WHAT THEY SAID: A Thrill Ride Down an Icy Chute

The following is an excerpt from a blog published at NYTimes.com:

Speeds topped out at about 35 miles per hour on the Utah Olympic Park luge, skeleton and bobsled course. That is about one-third as fast as Olympian lugers. It was fast enough.

During reporting for an coming story, two of us from The New York Times were invited by USA Luge to steer a sled down the track used for the 2002 Winter Games. While it provided useful perspective for the story (it will run in February, if the suspense is just too much), it also offered a glimpse of what it takes to slide feet-first down an icy, banked chute.

I don’t think I have it.

The first run included a “should-I-have-told-my-wife?” moment of fear when the sled caromed from one side of the track to the other (a heart-racing, speed-killing mistake called “ping-ponging”) in innocuous Turn 13. The second run was smoother until oversteering led into the wall just before the finish. Another jolt of nervousness arrived when we were told that the third run would start higher up the mountain.

After signing ominous waivers of responsibility, Times video journalist Jigar Mehta and I were driven about midway up the nearly 1-mile serpentine track. We joined about a dozen employees of Utah-based USANA, the official nutritional supplement provider to USA Luge. Everyone was fitted with helmets and elbow pads.

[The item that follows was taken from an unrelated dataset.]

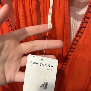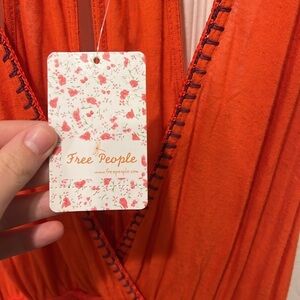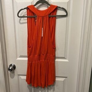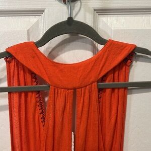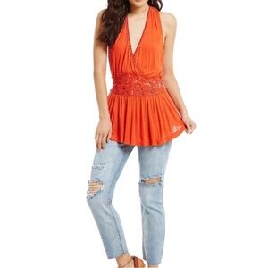 Vibrant orange sleeveless top. Features intricate lace detailing at the waist. Deep V-neck design.
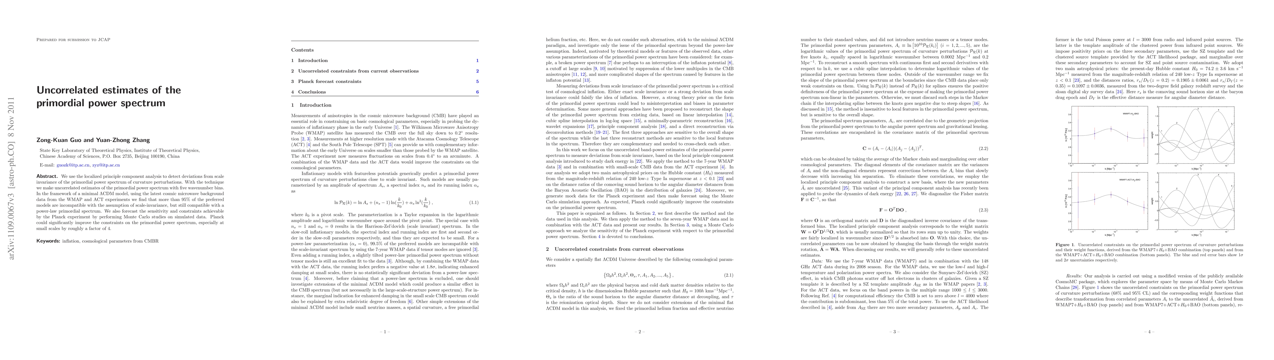 We use the localized principle component analysis to detect deviations from scale invariance of the primordial power spectrum of curvature perturbations. With the technique we make uncorrelated estimates of the primordial power spectrum with five wavenumber bins. In the framework of a minimal LCDM model, using the latest cosmic microwave background data from the WMAP and ACT experiments we find that more than 95% of the preferred models are incompatible with the assumption of scale-invariance, but still compatible with a power-law primordial spectrum. We also forecast the sensitivity and constraints achievable by the Planck experiment by performing Monte Carlo studies on simulated data. Planck could significantly improve the constraints on the primordial power spectrum, especially at small scales by roughly a factor of 4.

Jon Owen, a 1988 Olympian luger and the first one to go down the track when it opened in 1997, provided a quick tutorial. The sleds, much like those used in the Olympics, feature a pair of silver, metal runners that are the key to speed. Riders lay on their backs in a sort of sling between two other supports above the runners. The contraption looks airy and flimsy. It is solid and heavy.
Point your toes downhill, Owen said. Keep your elbows in. Keep your shoulders down and your chin up, just enough to see. To turn, turn your head that direction. To turn more, tilt slightly to that shoulder.

To stop? Good one. There are no brakes. Once started, speed is generally controlled by gravity and how “clean” the run is — how few brushes against the wall and, for pros, how straight the line is through the curves.

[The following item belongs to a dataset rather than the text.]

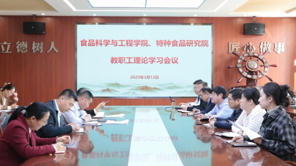 3月13日,beat365在线体育官网、特种食品研究院召开教职工理论学习会议,学习习近平总书记重要讲话精神和2025年全国两会精神。会议由学院党委书记车广杰主持,全体教职工参加。

We did not want to go over 90 m.ph. or pull 5 Gs, like world-class lugers do. We mostly wanted to survive to tell about it. For a couple of moments, even that seemed in doubt.
Officially, the track has five starting spots, called skeleton start, bobsled start, men’s women’s start and junior start.

Below the junior start is one called “tourist start.” The first two times, we started below that, above Curve 12 of the 15-curve course.

The racing order was announced over the public-address system. A giant scoreboard over Curve 14 showed our names and times. There was a lot of nervous chatter.
One by one, after given the all-clear, we plopped a sled onto the track. Owen offered final words of comfort and advice. Then he let go.

Exhilaration was almost immediate as the sled picked up speed. While it felt fast, it was too slow to force the sled high on the banked turns; the inside wall always seemed too close. But the sleds are surprisingly responsive. Just as Owen predicted, we found ourselves doing less and less “driving” with each run.